THE Dutch government has no choice but to eat its pride and suffer humiliation after signaling it is ready to return ownership of global chipmaker ‘Nexperia’ to its Chinese owners which it illegally seized in late September due to pressure from the United States.
According to a Bloomberg report dated November 8 and citing “people familiar with the matter,” the Netherland is prepared to forgo its seizure of Nexperia provided its Chinese production facilities start shipping out its products again, particularly to global car makers that are its main customers.
The Dutch government seized the company on the instigation of the United States as part of its failed strategy to contain the rise of China (Pinoy Exposé, October 28, 2025).
It however forgot that the global automobile industry is highly dependent on the company for the power and other electronic chips necessary in the making of a modern automobile.
It also forgot that while Nexperia’s main office is in the Netherlands, over 70 percent of its production, including the packaging and testing of its products, are coming out from its factories and facilities in China.
In retaliation, China ordered Nexperia’s China office to stop exporting its chip products from their customers and to only follow the decisions of its China-based management.
This resulted in a situation where the Netherland ended up controlling the “shell” of Nexperia’s main office while business and production continue unhampered in China.
China’s Foreign Ministry, for its part, also put the blame squarely for the global supply chain disruption to the Dutch government.
From Europe to Japan to North America, car manufacturers like Honda, Toyota, BMW and Volkswagen were placed in a state of panic as their lack of critical supply from Nexperia disrupted and halted production everywhere.
The Netherland was encouraged by the United States to seize Nexperia after threatening it of sanctions based on the new “50 percent plus” rule of the US Commerce Department where companies with more than 50 percent Chinese ownership would also be sanctioned.
This, after the US Commerce Department in December 2024 included Wingtech Technology, Nexperia’s parent company, from its sanctions list of Chinese companies.
Nexperia is on the brink of bankruptcy when it was purchased by Wingtech in 2019 for $3.6 billion and turned it into a global supplier of critical electronic chips for the global automobile industry.
To drive home the point of who really is in control, Nexperia China started signing supply contracts with customers without the approval of its Netherland office.
The new contracts also specified that payments would now be made in RMB, the Chinese currency, which is seen as China’s strategic move to further weaken the US dollar.

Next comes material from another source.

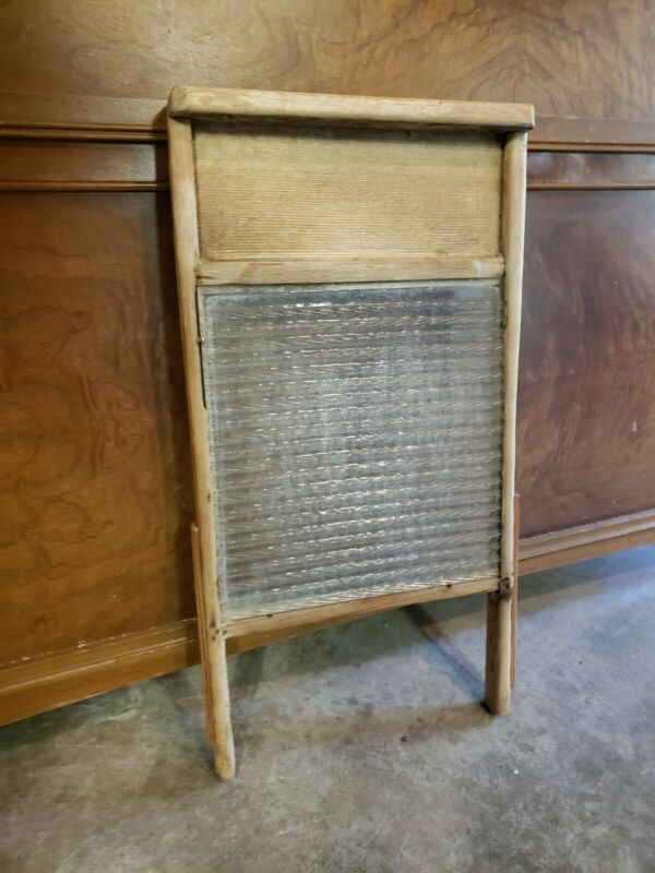 Vintage Glass & Wood Washboard 18"x 8.5"
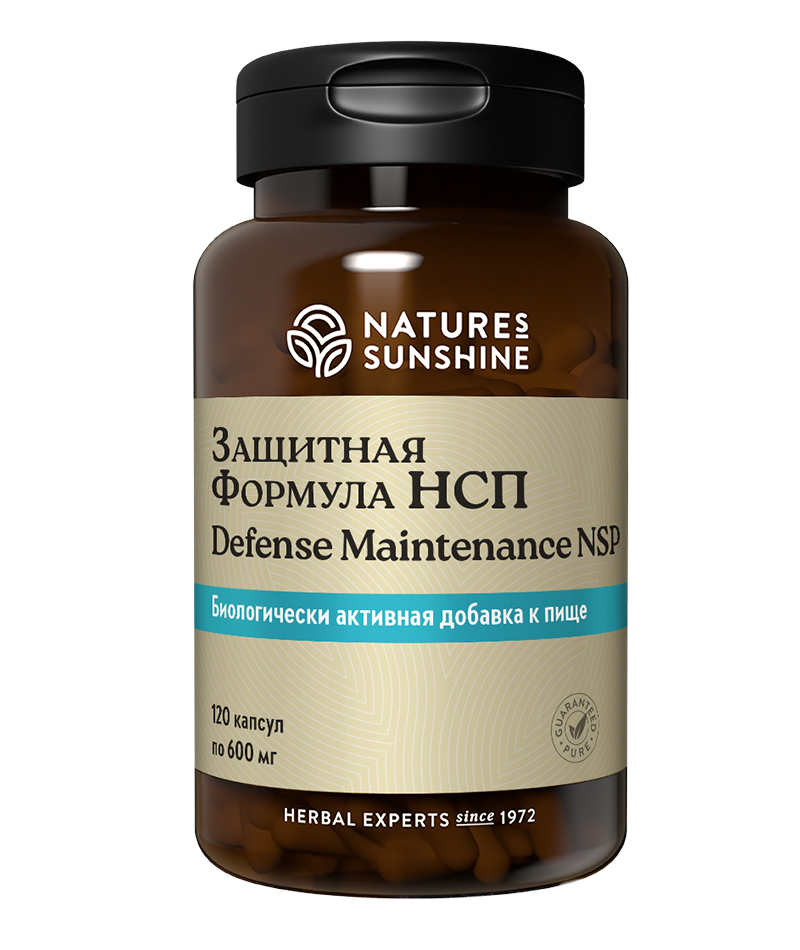 Защитная Формула НСП содержит специально подобранный спектр витаминов-антиоксидантов (А, С и Е), биоэлементов (цинк, селен) и порошок ряда растений, восстанавливающих и укрепляющих иммунитет.

More trouble for the Netherland, EU
At the US-China Summit in Busan, South Korea during the APEC Summit early this month, US President Donald Trump and Chinese President Xi Jinping agreed to a “moratorium” in their trade war whereby the USA agreed to suspend its 50 percent plus rule in exchange for Chinese purchases of US soybeans and the extension of its ban on the export of rare earth materials for one year.
As the deal was between the United States and China, the Netherland and the EU are not automatically included in the arrangement.
China made it clear that especially for the supply of rare earth minerals, other countries would need to comply with its new restrictive export permit regulation that is set to take effect on December 1.
From that date, any country utilizing even “zero point one percent” (0.1 percent) of any rare earth mineral produced or processed in China would have to apply for an export permit with the approval covered by the case-to-case basis” principle.
Expected to be the hardest hit would be ASML of the Netherland, the world’s only producer of specialized ‘lithographic machines’ needed for the production of very small microchips with a variety of uses and chips used for artificial intelligence (AI).
It is estimated that upwards to 20 percent of ASML products used rare earth minerals supplied by China before they can be completed.
Since the first Trump administration, ASML has been colluding with the US to restrict the export to China of advance lithographic machines.
But with Chinese tech companies like Huawei and SMIC (Semiconductor Manufacturing International Corporation) announcing breakthroughs in their own chipmaking capability using domestically develop lithographic machines, ASML’s monopoly has been effectively broken.
The new export control by China can result to the bankruptcy of ASML and US-based chipmaker NVIDIA.
NVIDIA is no longer allowed to sell its products to government offices in China, incidentally, the biggest procurer of micro and AI chips and computers in the country.